3. The bridge node — QoS relay between Isaac and DLIO¶
DLIO subscribes to a plain sensor_msgs/PointCloud2 cloud and a
sensor_msgs/Imu with RELIABLE QoS. Isaac publishes both BEST_EFFORT,
which a RELIABLE subscriber will not match. The
g1_sim_bridge node closes that gap, in sim
only, as a thin QoS relay (no message conversion):
| Isaac output | Bridge output (→ DLIO) | |
|---|---|---|
| Cloud | /livox/lidar PointCloud2, BEST_EFFORT |
/livox/lidar_reliable PointCloud2, RELIABLE |
| IMU | /livox/imu_raw Imu, BEST_EFFORT |
/livox/imu Imu, RELIABLE |
The relay only upgrades QoS — message contents are unchanged. There is no
CustomMsg, no offset_time/line/tag synthesis, and no lidar_type
switch: DLIO consumes /livox/lidar_reliable + /livox/imu directly. The
sim-specific tuning lives in g1_sim_bridge/config/dlio_sim.yaml, layered over
the vendored DLIO cfg/dlio.yaml + cfg/params.yaml.
4. Running it¶
# 1) Isaac Sim (publishes /livox/lidar, /livox/imu_raw, /clock)
cd Navigation/sim
./launch_g1_sim.sh # GUI; --headless to hide; ISAAC_SIM_PATH to relocate
# 2) bridge + DLIO (Humble shell, ros2_ws built with g1_sim_bridge)

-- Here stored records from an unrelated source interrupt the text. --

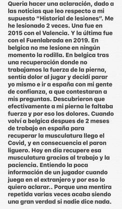 En una nota, el delantero aclara que sólo se ha lesionado "dos veces. Una fue en 2015 con el Valencia. Y la última fue con el Fuenlabrada en 2019. En Bélgica no me lesioné la rodilla", si no que "tras una recuperación donde no trabajamos la fuerza de la pierna, sentía dolor al jugar y decidir parar e ir a España con mi gente de confianza. Hoy he recuperado esa musculatura gracias al trabajo y la paciencia", sentencia.
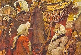 Un grupo de mujeres y niños vestidos para viajar en un automóvil a principios del siglo XX. La ilustración fue tomada de la Enciclopedia Salvatdel Automóvil.
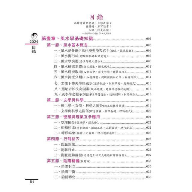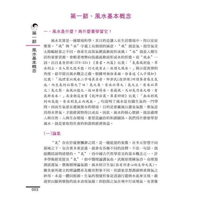 研讀先賢的風水書籍與文獻,確實深奧無比,文字深澀,歌訣不易理解,章法難明,無法捉摸,所得亦是管中窺豹。本書依據三元玄空學理解析與繪圖說明,並以多年在大學系所的教學經驗,善用現代科技作為輔助工具,打破風水與建築籓籬,活化相融合的整體意象;並改變傳統風水的操作與論述,不含宗教背景與民俗觀點,跳脫刻板制式化印象,加入豐富的插圖引述,讓讀者不會陷入天馬行空的思維中。本書提供了學理剖析、文獻回顧、流年宜忌、案例引述、吉日良辰,可作為學習入門與進階研究之參考。
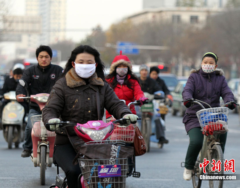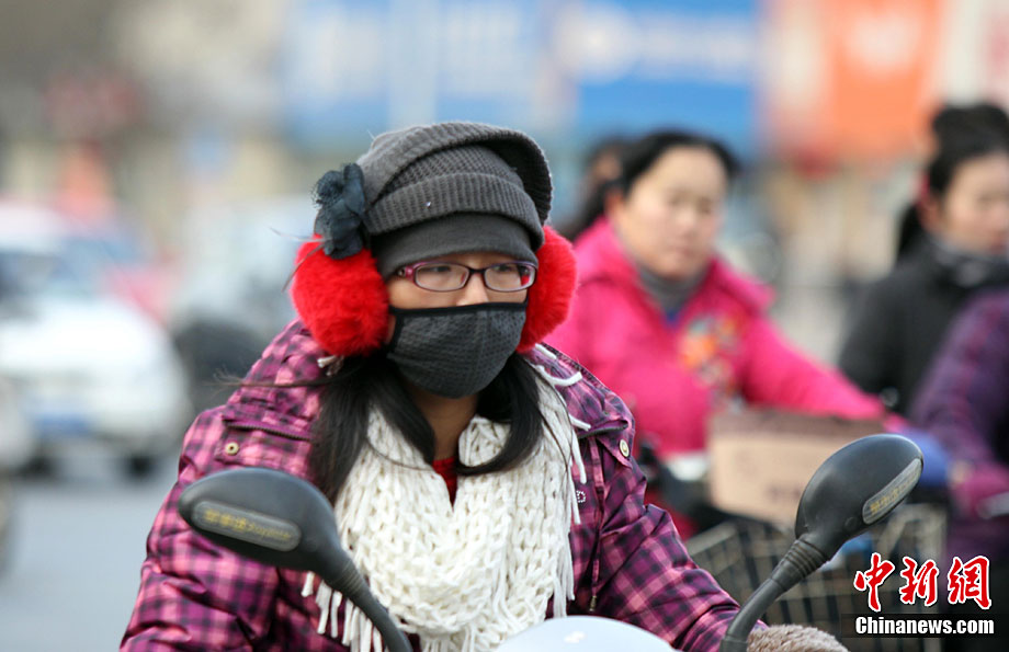 12月6日,河南鄭州,民眾全副“武裝”抵御寒潮襲擊。5日傍晚,中央氣象臺發(fā)布的天氣預(yù)報顯示,從當(dāng)日起,受強冷空氣影響,未來三天,中國中東部大部地區(qū)都將先后出現(xiàn)6~12℃降溫,其中,吉林東部、遼寧中東部、山東、江蘇等地的部分地區(qū)降溫幅度可達14~16℃。中新社記者 王中舉 攝
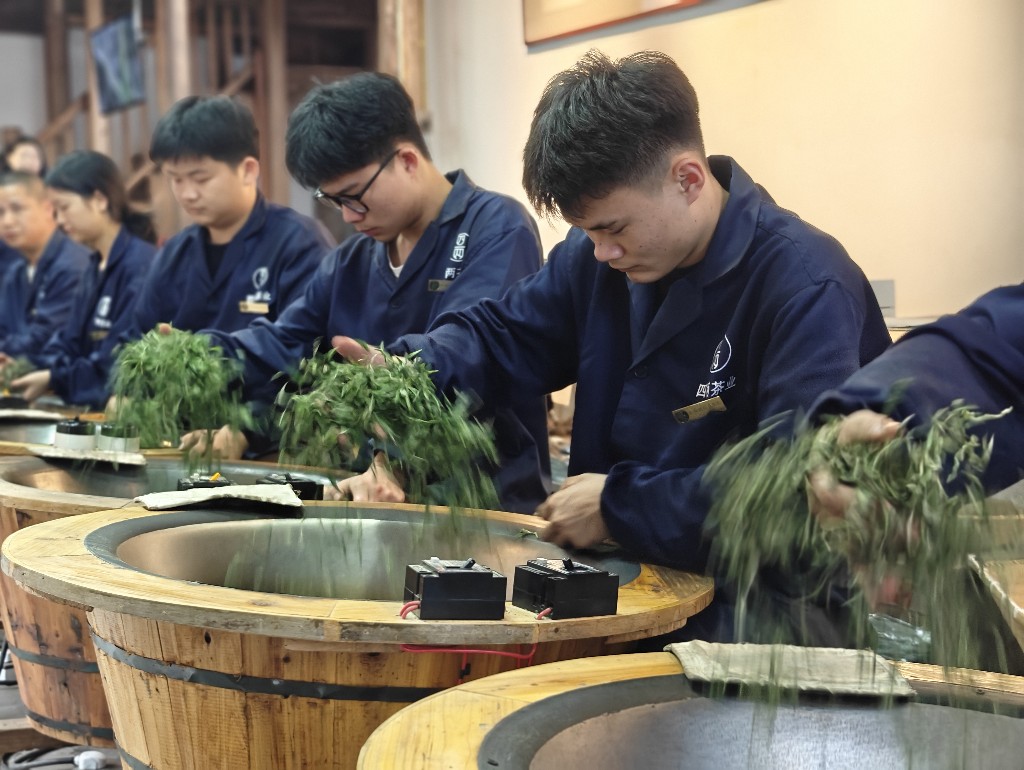 阙杨战是这群年轻人的炒茶师傅,他领衔创办了松阳职业中专茶叶生产与加工专业,负责手工制茶教学工作。每年三至五月的炒茶季,阙杨战便带着学生们走出校门实战炒茶,由此培养了一大批“茶二代”。

ros2 launch g1_sim_bridge sim_localization.launch.py
# bridge only (run DLIO yourself):
ros2 launch g1_sim_bridge sim_localization.launch.py start_dlio:=false
Both sides must share RMW_IMPLEMENTATION=rmw_cyclonedds_cpp and the same
ROS_DOMAIN_ID. The G1 is unactuated until you drive its joints — feed it the
locomotion/AMO policy the same way as on the robot; DLIO localizes off the
LiDAR + IMU regardless. DLIO needs the robot stationary for the first ~3 s
(IMU + gravity calibration). Full details: sim/README.md.
5. Sim ↔ real parity¶
| Real robot | Simulation | |
|---|---|---|
| LiDAR cloud | livox_ros_driver2 → /livox/lidar PointCloud2 |
Isaac RTX LiDAR → g1_sim_bridge → /livox/lidar_reliable PointCloud2 |
| IMU | Livox driver → /livox/imu (RELIABLE) |
Isaac IMU → g1_sim_bridge → /livox/imu (RELIABLE) |
| DLIO cloud topic / type | /livox/lidar_reliable PointCloud2 (RELIABLE) |
identical |
| Frame | livox_frame |
livox_frame |
| Rate | 10 Hz | 10 Hz |
| DLIO config | dlio_mid360_real.yaml |
dlio_sim.yaml, use_sim_time:=true |
| Time | wall clock | Isaac /clock (use_sim_time) |
g1_sim_bridge |
not used (driver already RELIABLE) | required (QoS relay) |
Everything above the LiDAR/IMU layer — DLIO, A*, MPC, AMO — is byte-for-byte the same code path in both modes. That is the whole point of wrapping Isaac to the driver's contract.